KARACHI: Contrary to market expectations, measures announced in Federal Budget seem “Neutral to Positive” for Stock Market at first glance, analysts said.
“With IMF programme in sight, there was a general expectation that we may see very tough measures across all sectors, however, government has announced a mix of positive and negative measures for listed sectors, an analyst at Topline Securities said.
Few of the key measures announced in budget relating to stock market and sectors includes;
i. Tax on all persons including companies and AOPs where the income exceeds Rs300 million is now subject to an additional tax at the rate of 2 percent of such income. This is likely to impact profitability of the listed companies by around 4 percent.
ii. Tax rate on banking companies has been increased from 39 percent to 42 percent including additional 3 percent super tax. This is likely to impact profitability of banks by around 5 percent.
iii. Tax credit available on mutual fund investment has been withdrawn. Though, a lot of people avail tax credit by investing in fixed income mutual funds, this may be Neutral for stock market as we may see some redemptions from equity mutual funds with some of such amount may directly be invested in stock market.
iv. Sales tax on Fertilizer products is proposed to be increased from 2 percent to 10 percent. “We believe that this will be Neutral to Positive for Fertilizer sector as it will result in lower piling up of sales tax receivables as they are paying 5-17 percent sales on input/raw material,” the analyst said. Increase in Fertilizer product prices will easily be passed on to consumers as it is already selling at huge discount to international prices.
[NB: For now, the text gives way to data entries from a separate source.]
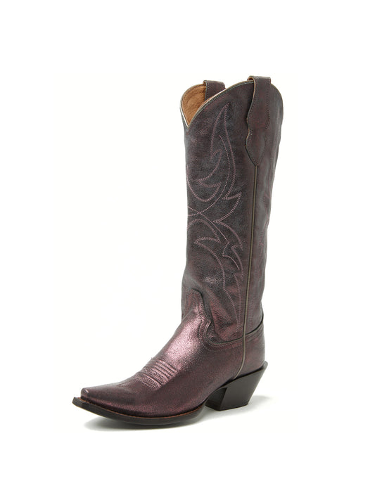 Metallic Pewter Snip-Toe Embroidery Wide Calf Knee High Cowgirl Boots
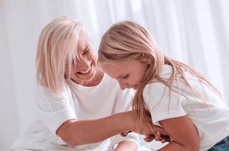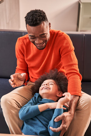 african american woman tickling cheerful daughter while having fun on blurred foreground
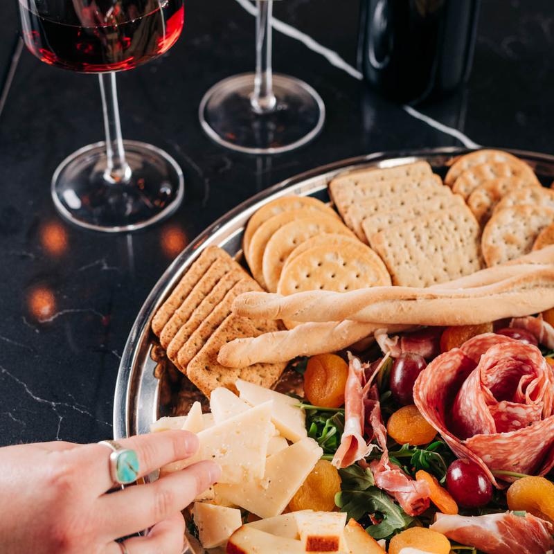 Meat, cheese, crackers, olives, cornichons, fruit.
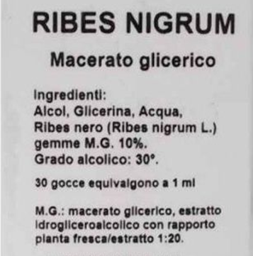 Ribes nigrum gliceric macerate 2- 10 %: oral drops, alimentary integrator Ribes nigrum L. extract, fresh gems in glycerin, alcohol and water.
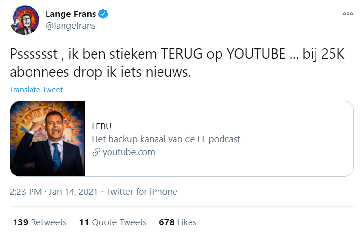Op donderdag 14 januari vroeg Lange Frans zijn volgers op Twitter en Instagram al om zich op het nieuwe kanaal te abonneren: ‘Psssssst , ik ben stiekem TERUG op YOUTUBE … bij 25K abonnees drop ik iets nieuws.’
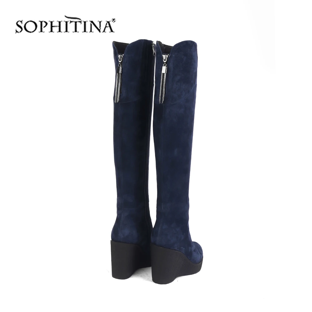 New SOPHITINA Comfortable Round Toe Boots High Quality Kid Suede Wedges Fashion Zipper Solid Shoes New

v. Tractors have been exempted from sales tax of 5 percent which will be slightly positive for the sector.
vi. Government has increased taxation on immovable property which will be positive for Stock Market sector. It has been a long demand of stock market stakeholders to the government for provision of a level playing field for all sectors in economy where huge concessions given to other sectors should be withdrawn including the property sector.
vii. Duty on import of Electric vehicle in CBU condition will now be reduced to zero as compared to previous duty rate of 12.5 percent.